Writeable returned arrays (since version 1.10.0): 

 

>>> a = np.zeros((3, 3)) 

>>> np.einsum('ii->i', a)[:] = 1 

>>> a 

array([[ 1., 0., 0.], 

[ 0., 1., 0.], 

[ 0., 0., 1.]]) 

 

Example of ellipsis use: 

 

>>> a = np.arange(6).reshape((3,2)) 

>>> b = np.arange(12).reshape((4,3)) 

>>> np.einsum('ki,jk->ij', a, b) 

array([[10, 28, 46, 64], 

[13, 40, 67, 94]]) 

>>> np.einsum('ki,...k->i...', a, b) 

array([[10, 28, 46, 64], 

[13, 40, 67, 94]]) 

>>> np.einsum('k...,jk', a, b) 

array([[10, 28, 46, 64], 

[13, 40, 67, 94]]) 

 

""") 

 

 

############################################################################## 

# 

# Documentation for ndarray attributes and methods 

# 

############################################################################## 

 

 

############################################################################## 

# 

# ndarray object 

# 

############################################################################## 

 

 

add_newdoc('numpy.core.multiarray', 'ndarray', 

""" 

ndarray(shape, dtype=float, buffer=None, offset=0, 

strides=None, order=None) 

 

An array object represents a multidimensional, homogeneous array 

of fixed-size items. An associated data-type object describes the 

format of each element in the array (its byte-order, how many bytes it 

occupies in memory, whether it is an integer, a floating point number, 

or something else, etc.) 

 

Arrays should be constructed using `array`, `zeros` or `empty` (refer 

to the See Also section below). The parameters given here refer to 

a low-level method (`ndarray(...)`) for instantiating an array. 

 

For more information, refer to the `numpy` module and examine the 

methods and attributes of an array. 

 

Parameters 

---------- 

(for the __new__ method; see Notes below) 

 

shape : tuple of ints 

Shape of created array. 

dtype : data-type, optional 

Any object that can be interpreted as a numpy data type. 

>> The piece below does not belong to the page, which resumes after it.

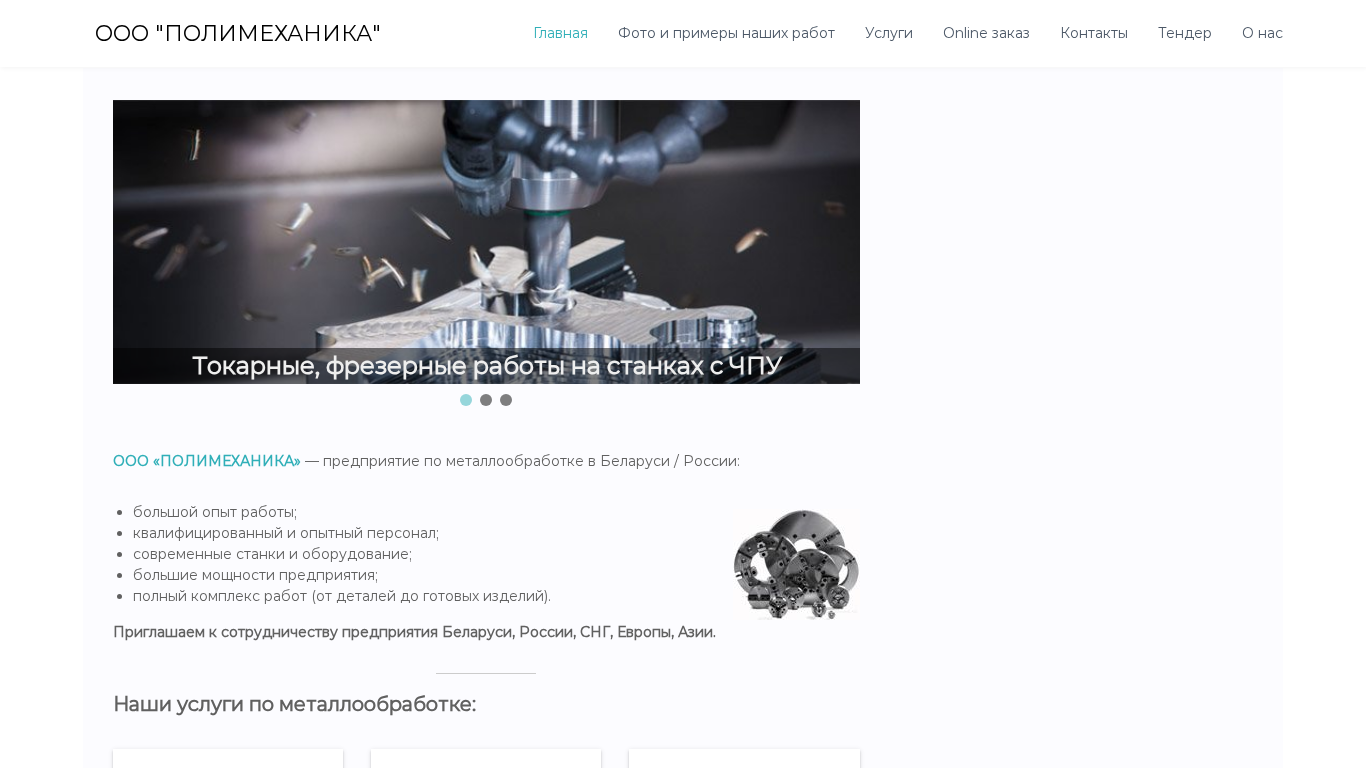 | AI-анализ | The website is for OOO "Полимеханика," a company based in Belarus and Russia specializing in metalworking. The homepage features a link to the main content, showcasing photos of their work, services, an online ordering system, contacts, a tender section, and an "About Us" page. Keywords include "деталей" (details), "работы" (works), "ооо" (OOO), "полимеханика" (Polimehanika), "работ" (works), "услуги" (services), "контакты" (contacts), "нас" (us), "токарные" (lathe), "фрезерные" (milling), "станках" (machines), "чпу" (computer numerical control), "металлообработке" (metal  |

buffer : object exposing buffer interface, optional 

Used to fill the array with data. 

offset : int, optional 

Offset of array data in buffer. 

strides : tuple of ints, optional 

Strides of data in memory. 

order : {'C', 'F'}, optional 

Row-major (C-style) or column-major (Fortran-style) order. 

 

Attributes 

---------- 

T : ndarray 

Transpose of the array. 

data : buffer 

The array's elements, in memory. 

dtype : dtype object 

Describes the format of the elements in the array. 

flags : dict 

Dictionary containing information related to memory use, e.g., 

'C_CONTIGUOUS', 'OWNDATA', 'WRITEABLE', etc. 

flat : numpy.flatiter object 

Flattened version of the array as an iterator. The iterator 

allows assignments, e.g., ``x.flat = 3`` (See `ndarray.flat` for 

assignment examples; TODO). 

imag : ndarray 

Imaginary part of the array. 

real : ndarray 

Real part of the array. 

size : int 

Number of elements in the array. 

itemsize : int 

The memory use of each array element in bytes. 

nbytes : int 

The total number of bytes required to store the array data, 

i.e., ``itemsize * size``. 

ndim : int 

The array's number of dimensions. 

shape : tuple of ints 

Shape of the array. 

strides : tuple of ints 

The step-size required to move from one element to the next in 

memory. For example, a contiguous ``(3, 4)`` array of type 

``int16`` in C-order has strides ``(8, 2)``. This implies that 

to move from element to element in memory requires jumps of 2 bytes. 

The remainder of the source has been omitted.